Sarah Elaine Eaton is a faculty member in the Werklund School of Education, University of Calgary, Canada.

Nelson Mandela’s first language being cut from South African schools

January 24, 2012

Nelson Mandela is a man with a deep commitment to defending human rights. He also speaks English as a Second Language. His first language is Xhosa.

A recent article from the Times Alive in South Africa reports that language classes for both Xhosa and Zulu are being cut in South African state schools. The main language of instruction in South African schools is English. Prega Govender reports that until this school year, students were required to take classes in two additional languages, but this year, that requirement has been changed. Now students are only required to take one additional language.

Most schools in the area are opting for Afrikaans as the additional language of choice for students in that region. The article reports that in one case, the Xhosa language teacher has been re-deployed to teach Afrikaans this year. The decision seems to be driven by numbers:

“Last year, 68455 matrics countrywide wrote Afrikaans as their first additional language, whereas only 10943 wrote Zulu and a mere 1547 wrote Xhosa.”

Regular readers of this blog will know that I am strongly opposed to the removal of language programs from a curriculum.  There are a number of reasons for this:

Benefits of learning additional languages for cognitive ability

Research shows that the benefits of learning additional languages extend beyond language and cultural skills.
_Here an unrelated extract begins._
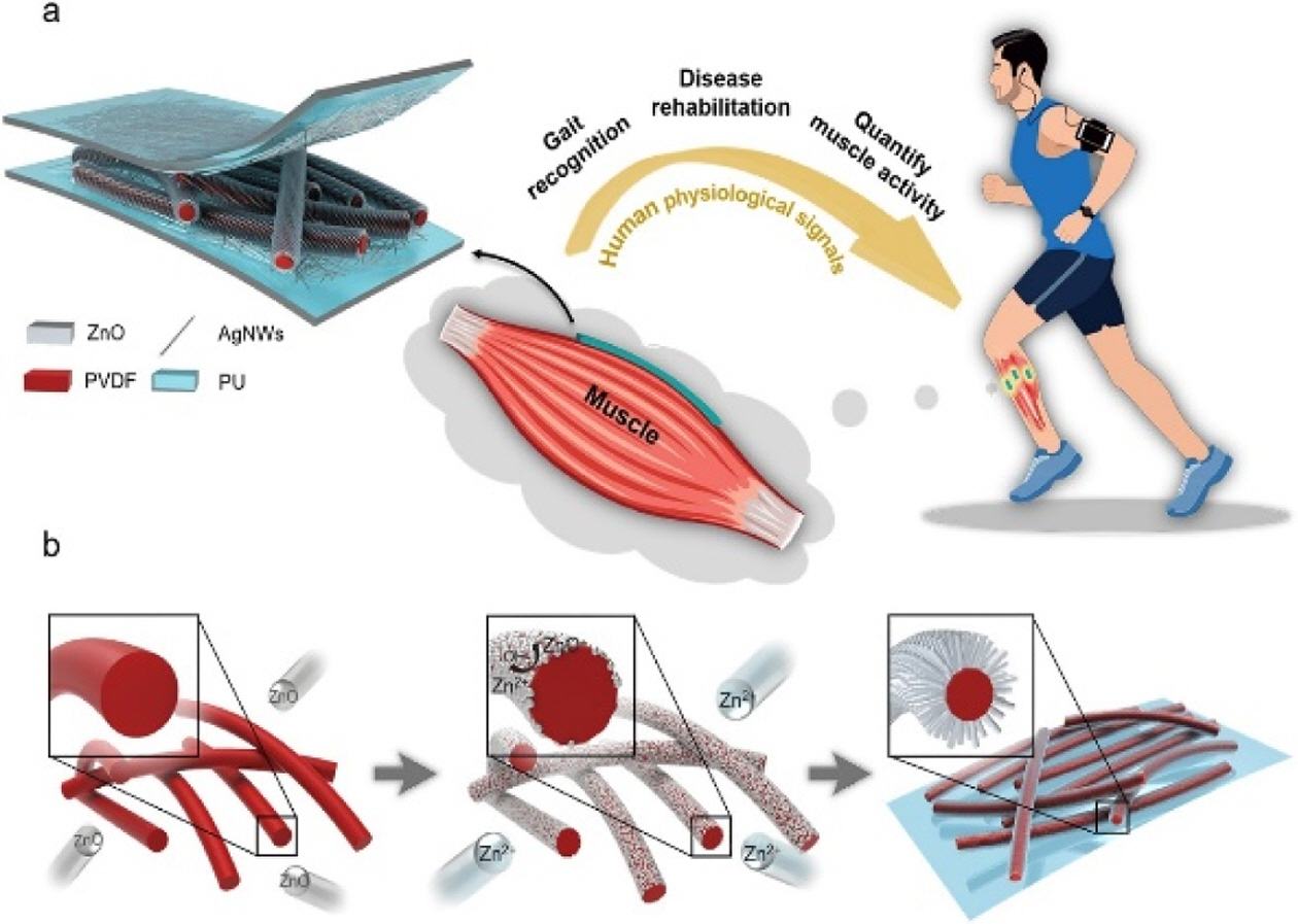 Fig. 10 The schematic diagram of the three-dimensional hierarchically interlocked PVDF/ZnO fibers-based PME for muscle behavior monitoring. (a) The PME conformally adhered to the calf muscle for the deformation monitoring. (b) The fabrication process of core-shell PVDF/ ZnO nanofibers. Reprinted with permission [92] Copyright 2020, Elsevier Ltd. |

Learning additional languages also has a positive effect on a person’s general cognitive ability (Kimbrough Oller, D and Eilers R.E., 2002). Specific research has also found that students who study other languages also score better on math tests (Bournot-Trites, M. and K. Reeder, 2001; de Courcy, M. and M. Burston, 2000; Turnbull, M., S. Lapkin and D. Hart, 2001 and Turnbull, M., D. Hart and S. Lapkin, 2003). The benefits of learning additional languages are clear and have been documented time and time again through research. We know that the more languages a young person is exposed to, the more capacity he or she will have to develop lifelong multilingual skills.

When languages are removed from a curriculum, it sends a message that the language is unimportant

It could be argued that students in South Africa will still enjoy these cognitive and linguistic benefits, since they will be studying Afrikaans as an additional language. That may be true, but making the decision to remove Xhosa and Zulu from the curriculum sends a strong message that these languages do not matter in formal education in that region.

While I do not profess to understand the complexity of minority languages or the politics of South Africa, I have studied the concepts of formal and informal education extensively.

Young students who speak Xhosa and Zulu as first languages at home have now lost the opportunity to learn their native language in an organized, formal environment, as a shared experience with peers. Though they may continue to learn the language in the informal context of the home, we know that informal learning is considered the least legitimate and is less respected than formal learning.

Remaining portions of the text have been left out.